> **SOURCE MATERIAL**
──────────────────────────────

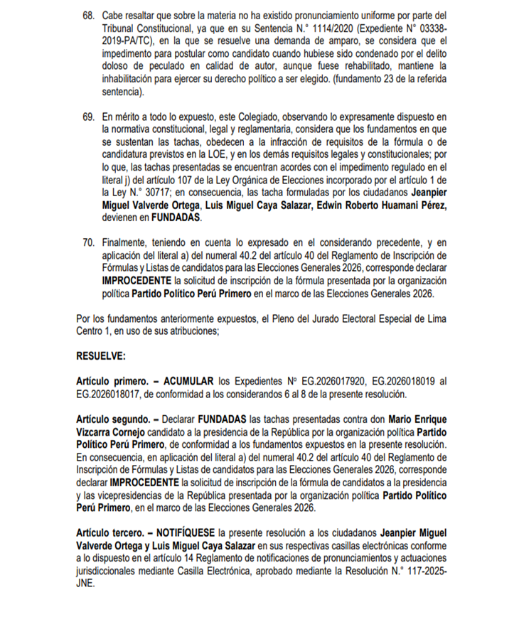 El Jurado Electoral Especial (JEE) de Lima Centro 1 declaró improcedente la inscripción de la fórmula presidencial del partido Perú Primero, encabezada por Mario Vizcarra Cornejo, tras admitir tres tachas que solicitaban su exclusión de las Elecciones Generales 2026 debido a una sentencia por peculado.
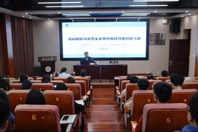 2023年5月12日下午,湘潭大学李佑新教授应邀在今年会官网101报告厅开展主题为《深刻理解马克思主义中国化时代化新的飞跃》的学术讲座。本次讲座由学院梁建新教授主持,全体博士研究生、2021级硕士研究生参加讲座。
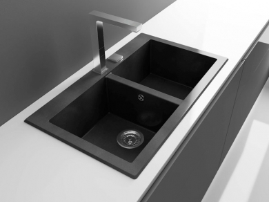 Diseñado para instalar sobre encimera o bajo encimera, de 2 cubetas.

──────────────────────────────

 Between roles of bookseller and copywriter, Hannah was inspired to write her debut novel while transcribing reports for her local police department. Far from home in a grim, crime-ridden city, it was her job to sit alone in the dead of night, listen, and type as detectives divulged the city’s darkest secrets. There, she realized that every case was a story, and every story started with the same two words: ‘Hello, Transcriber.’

──────────────────────────────

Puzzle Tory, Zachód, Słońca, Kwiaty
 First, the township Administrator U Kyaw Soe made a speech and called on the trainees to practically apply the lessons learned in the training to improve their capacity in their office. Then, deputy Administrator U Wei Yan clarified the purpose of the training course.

──────────────────────────────

> **THE TASK**
Give back the exact lines above, running from the one that has "El Jurado Electoral" through the one that has "Diseñado para instalar", with nothing added and no pictures.

> **RESPONSE BELOW**
 El Jurado Electoral Especial (JEE) de Lima Centro 1 declaró improcedente la inscripción de la fórmula presidencial del partido Perú Primero, encabezada por Mario Vizcarra Cornejo, tras admitir tres tachas que solicitaban su exclusión de las Elecciones Generales 2026 debido a una sentencia por peculado.
 2023年5月12日下午,湘潭大学李佑新教授应邀在今年会官网101报告厅开展主题为《深刻理解马克思主义中国化时代化新的飞跃》的学术讲座。本次讲座由学院梁建新教授主持,全体博士研究生、2021级硕士研究生参加讲座。
 Diseñado para instalar sobre encimera o bajo encimera, de 2 cubetas.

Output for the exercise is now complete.